Le Soudan, partagé en cinq régions, a du mal à s'unifier. De toutes parts, les conflits éclatent, chacun dans sa région revendiquant sa suprématie par rapport aux autres. La religion musulmane domine le nord et l'ouest, tandis que le sud du pays, le Darfour, est à domination chrétienne. En 2003, la rébellion, qui durait depuis une dizaine d'année, devient une guerre. Elle se soldera par l'intervention des casques bleus pour empêcher les massacres de toute part et aider les réfugiés à survivre dans les camps. Khartoum finit par céder et un mandat d'arrêt international est même lancé contre Omar-El-Béchir, le président du Soudan (qui avait pris le pouvoir par un coup d'état en 1989).
... et gagne son indépendance.

Le Sud-Darfour, c'est le désert qui subit de plein fouet l'érosion, le manque d'eau et de nourriture. La population y survit principalement dans des camps de l'ONU, avec une aide humanitaire à grands renforts de casques bleus.
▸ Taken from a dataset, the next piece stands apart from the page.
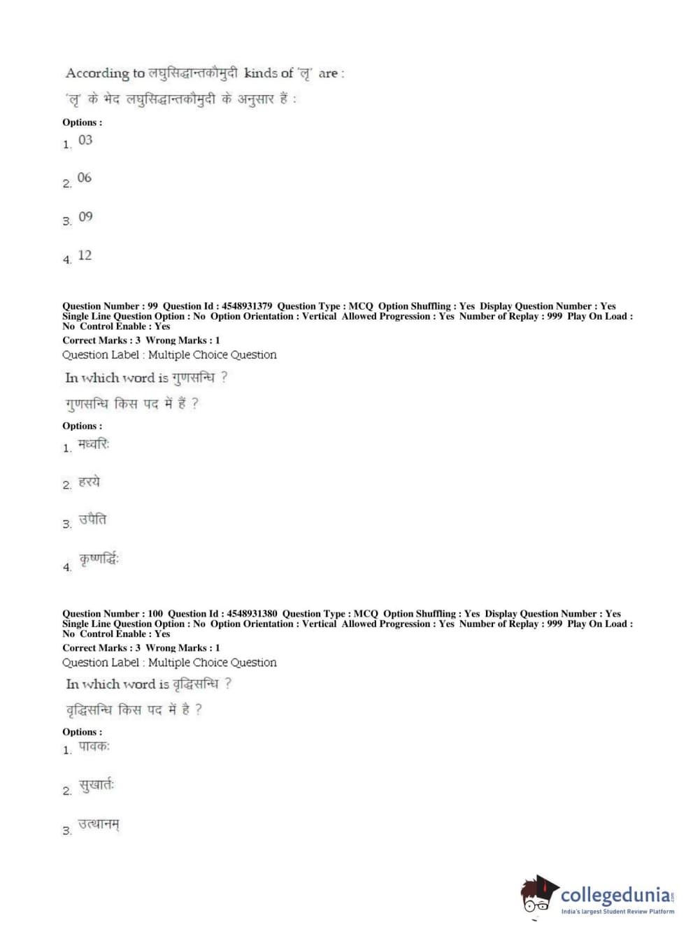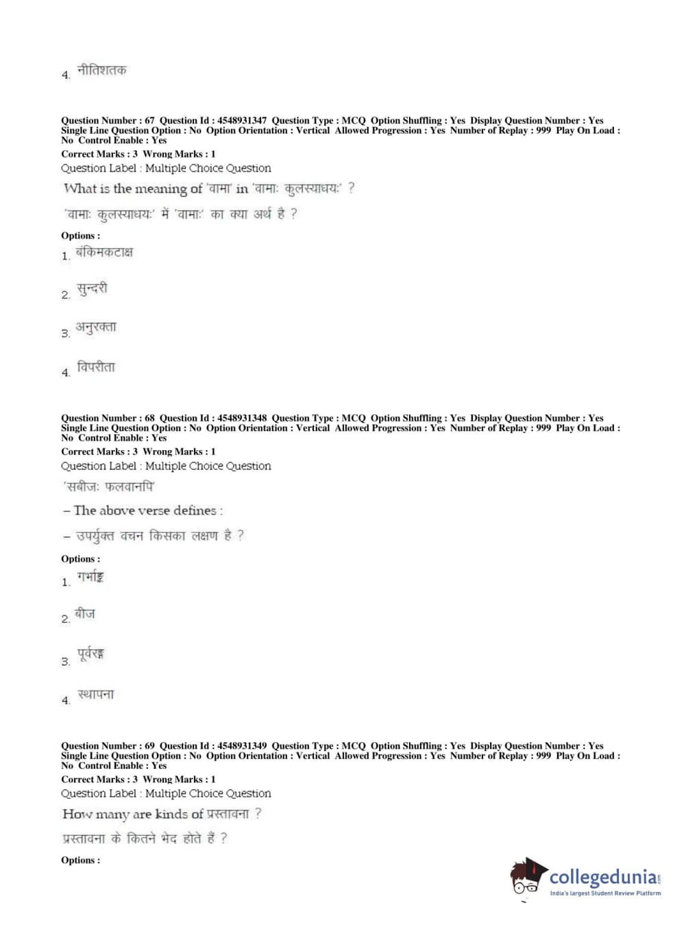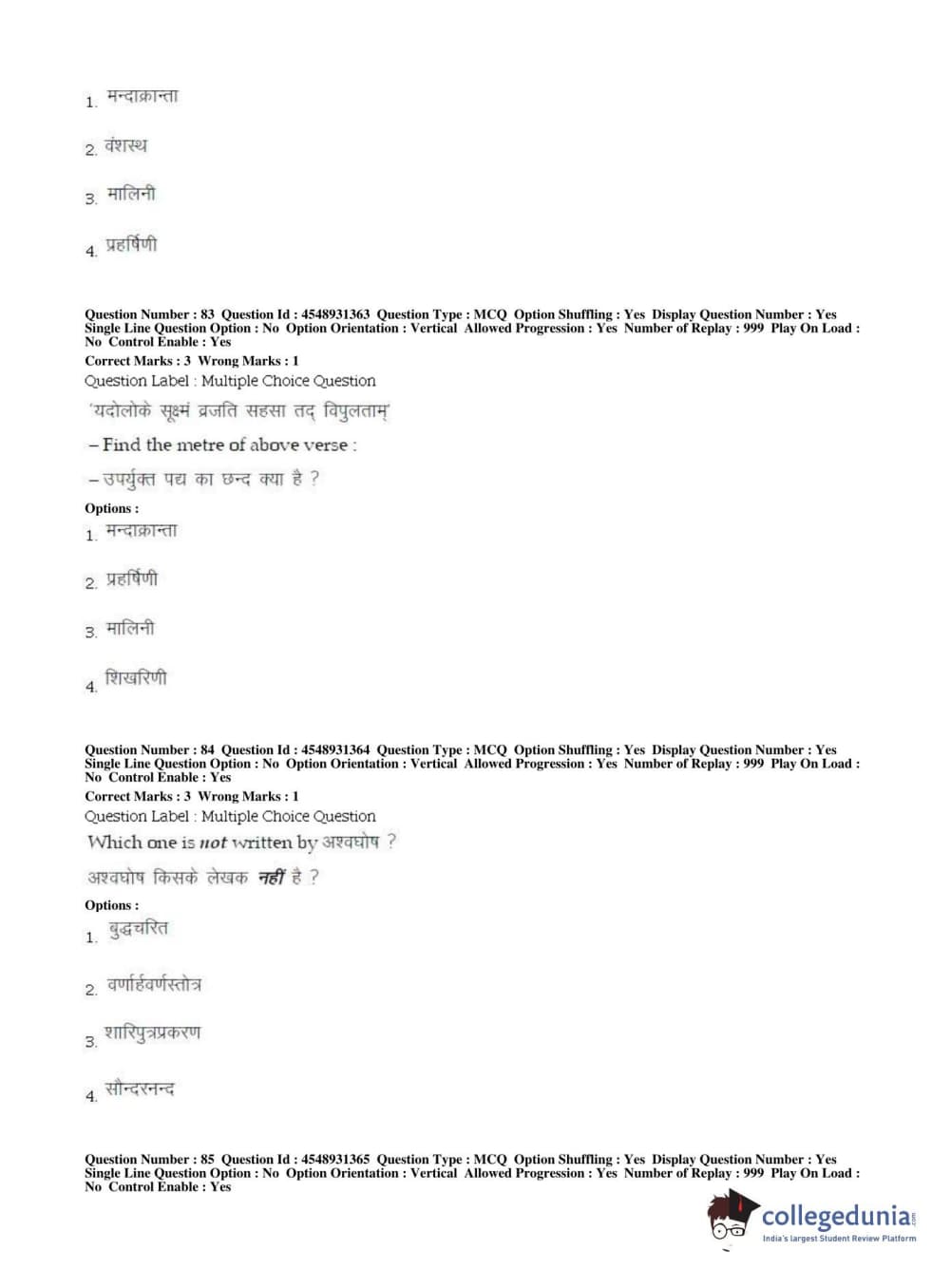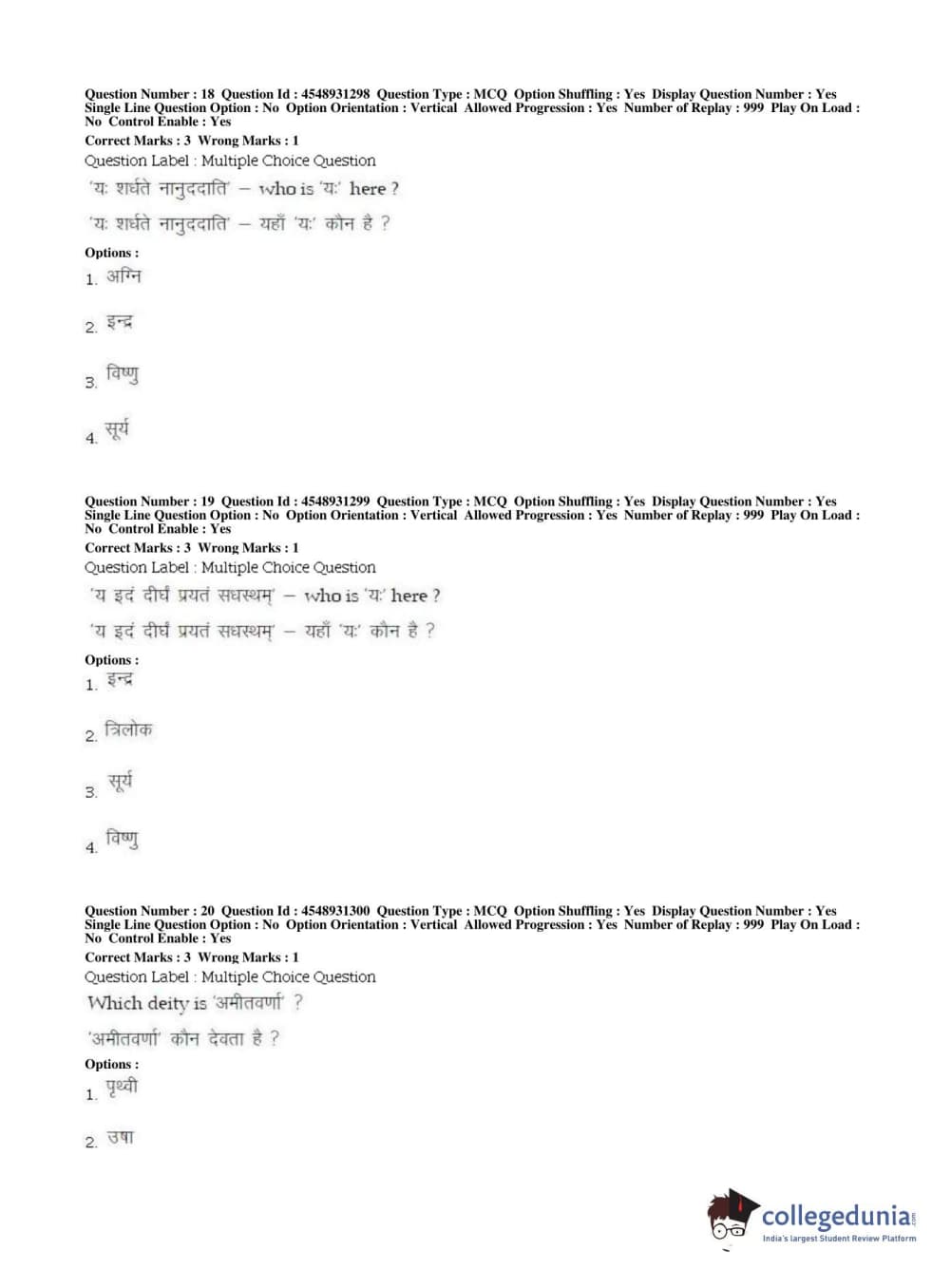 BHU PET 2019 MA SANSKRIT Question Paper with Answer Key PDFs, Shift 1

Mais c'est aussi un sous-sol riche en pétrole qui attire toutes les convoitises et pourrait bien faire la force du futur nouvel État de l'Union africaine. À commencer par des négociations entre le nord (où sont concentrées toutes les infrastructures modernes du pays au niveau industriel) et le futur nouvel état (dont le sous-sol regorge de mines d'or et de cuivre).

Son nom ?

La question n'est pas encore tranchée pour les indépendantistes : Djouba ou Juba (nom de la capitale du sud), Nouveau Soudan, Equatorie, Djouwama ou République du Nil, autant de noms qui seraient enfin synonyme de liberté pour un peuple qui a fait entendre sa voix hier en votant d'ores et déjà majoritairement pour son indépendance. Mais à ce jour les votes ne sont pas clos, ils dureront jusqu'au 15 janvier et les résultats définitifs sont attendus mi-février, à condition qu'au moins 60% de la population se soit rendue aux urnes, faute de quoi le scrutin serait invalidé.